> Description of the task: The whole listing, apart from its images, should be restated word for word.

> Given data:
-- -- --

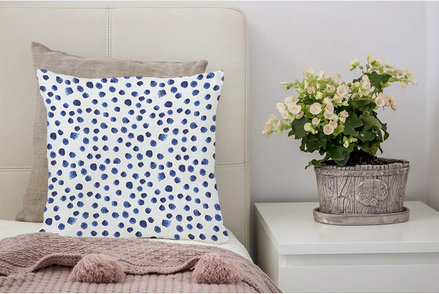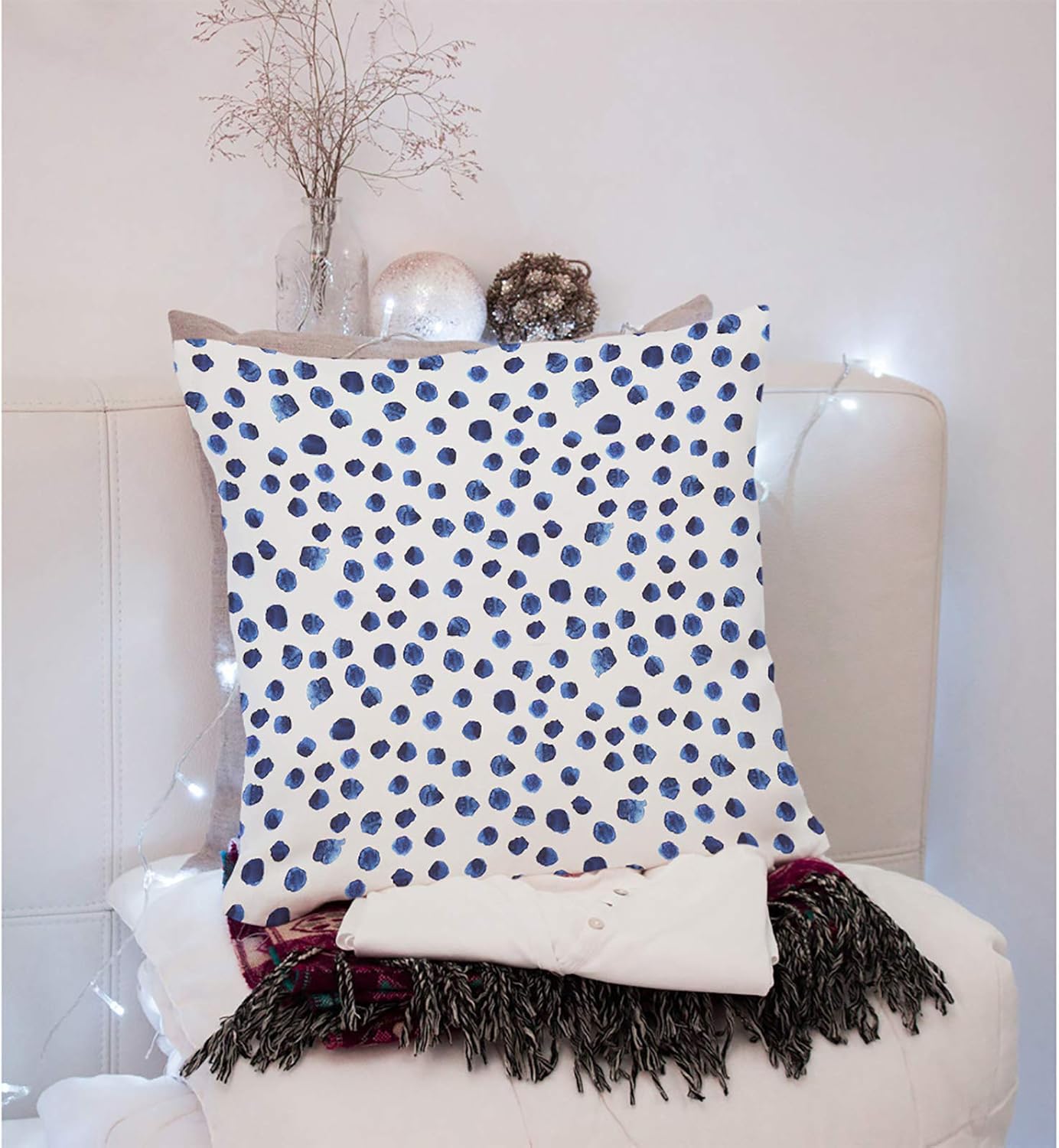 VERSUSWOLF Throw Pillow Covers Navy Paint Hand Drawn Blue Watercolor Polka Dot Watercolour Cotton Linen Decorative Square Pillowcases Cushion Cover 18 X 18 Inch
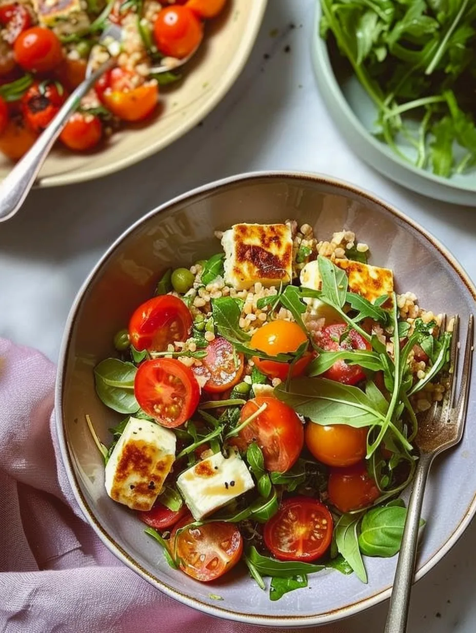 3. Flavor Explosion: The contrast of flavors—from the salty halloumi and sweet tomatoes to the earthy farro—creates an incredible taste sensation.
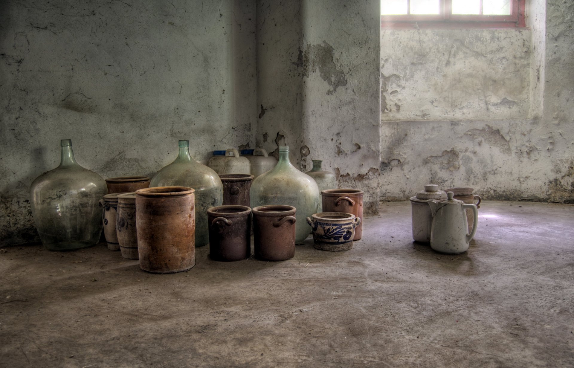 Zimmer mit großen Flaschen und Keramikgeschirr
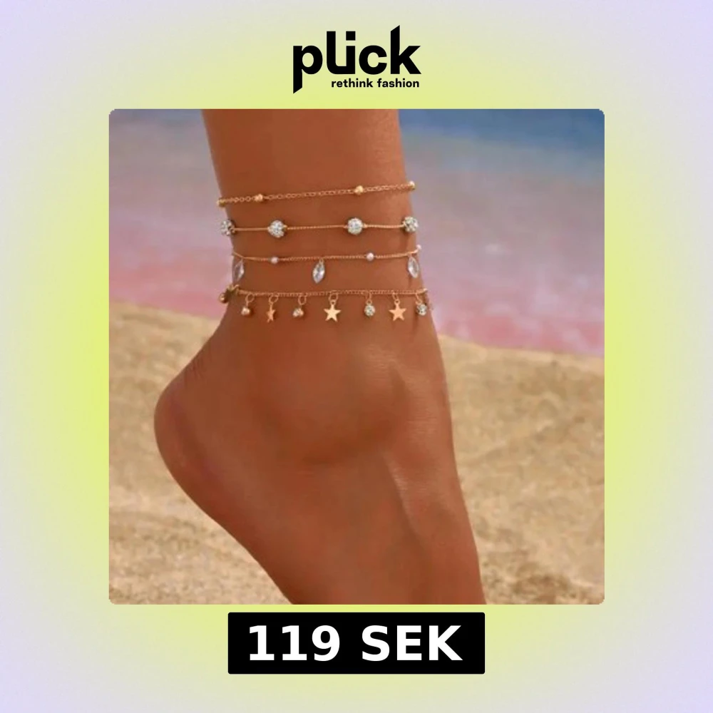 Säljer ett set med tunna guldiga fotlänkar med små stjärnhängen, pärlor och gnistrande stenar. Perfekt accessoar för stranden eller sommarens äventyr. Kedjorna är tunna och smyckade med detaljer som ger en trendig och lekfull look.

-- -- --

> Reply:
 VERSUSWOLF Throw Pillow Covers Navy Paint Hand Drawn Blue Watercolor Polka Dot Watercolour Cotton Linen Decorative Square Pillowcases Cushion Cover 18 X 18 Inch
 3. Flavor Explosion: The contrast of flavors—from the salty halloumi and sweet tomatoes to the earthy farro—creates an incredible taste sensation.
 Zimmer mit großen Flaschen und Keramikgeschirr
 Säljer ett set med tunna guldiga fotlänkar med små stjärnhängen, pärlor och gnistrande stenar. Perfekt accessoar för stranden eller sommarens äventyr. Kedjorna är tunna och smyckade med detaljer som ger en trendig och lekfull look.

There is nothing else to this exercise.